*PROBLEM STATEMENT:* Word for word, print out all of the data, omitting every image.

*INFORMATION PROVIDED:*

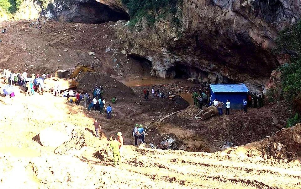 Trước đó, như Pháp Luật TP.HCM đưa tin, vào 2 giờ sáng 4-11, tại mỏ vàng khai thác trái phép ở xã Thanh Nông, huyện Lạc Thủy xảy ra sự cố hồ nước ngoài cửa hang bị vỡ khiến nước cuốn theo đất đá tràn vào hang bịt kín lối ra làm hai phu vàng bị mắc kẹt bên trong.
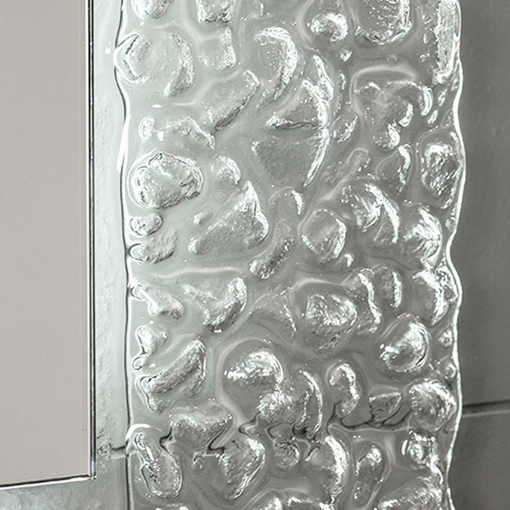 Dieser Wandspiegel zeichnet sich durch den dekorativen und raffinierten 15 cm transparenten geschmolzenen verzierten Glasrahmen aus, der der Ergänzung und der Umgebung ein schickes und äußerst elegantes Aussehen verleiht.
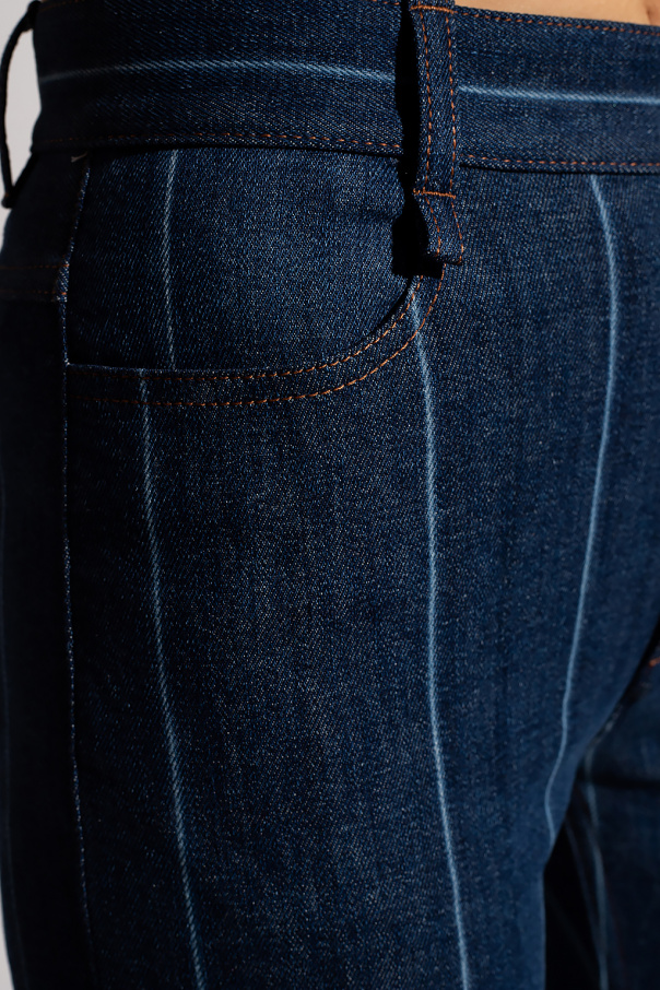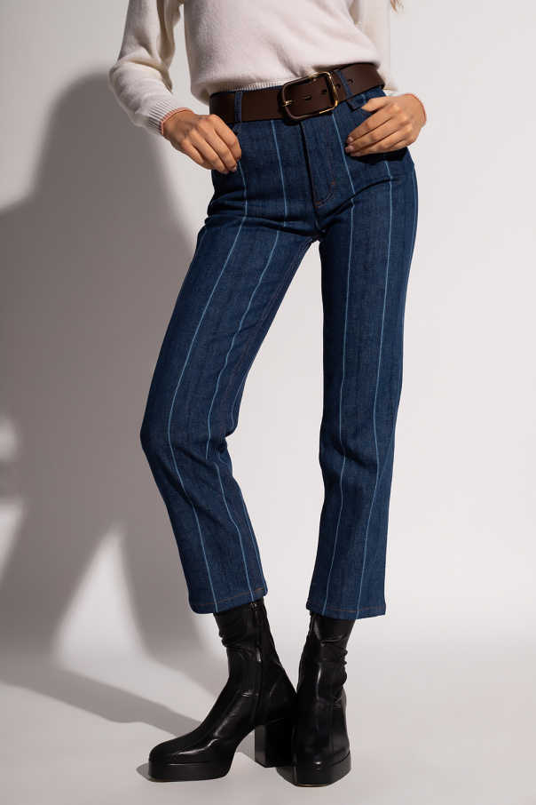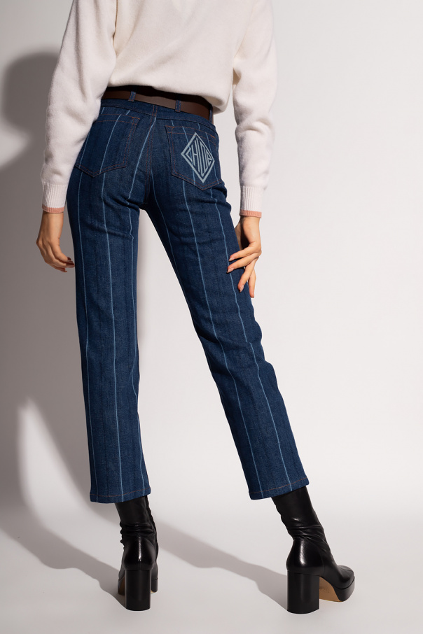 Blue jeans from Chloé. Fastened with a zip and button, this pair falls down with slightly tapered legs and is complete with light blue pinstripes, two front pockets and two back pockets with a logo print.

*EXPECTED ANSWER:*
 Trước đó, như Pháp Luật TP.HCM đưa tin, vào 2 giờ sáng 4-11, tại mỏ vàng khai thác trái phép ở xã Thanh Nông, huyện Lạc Thủy xảy ra sự cố hồ nước ngoài cửa hang bị vỡ khiến nước cuốn theo đất đá tràn vào hang bịt kín lối ra làm hai phu vàng bị mắc kẹt bên trong.
 Dieser Wandspiegel zeichnet sich durch den dekorativen und raffinierten 15 cm transparenten geschmolzenen verzierten Glasrahmen aus, der der Ergänzung und der Umgebung ein schickes und äußerst elegantes Aussehen verleiht.
 Blue jeans from Chloé. Fastened with a zip and button, this pair falls down with slightly tapered legs and is complete with light blue pinstripes, two front pockets and two back pockets with a logo print.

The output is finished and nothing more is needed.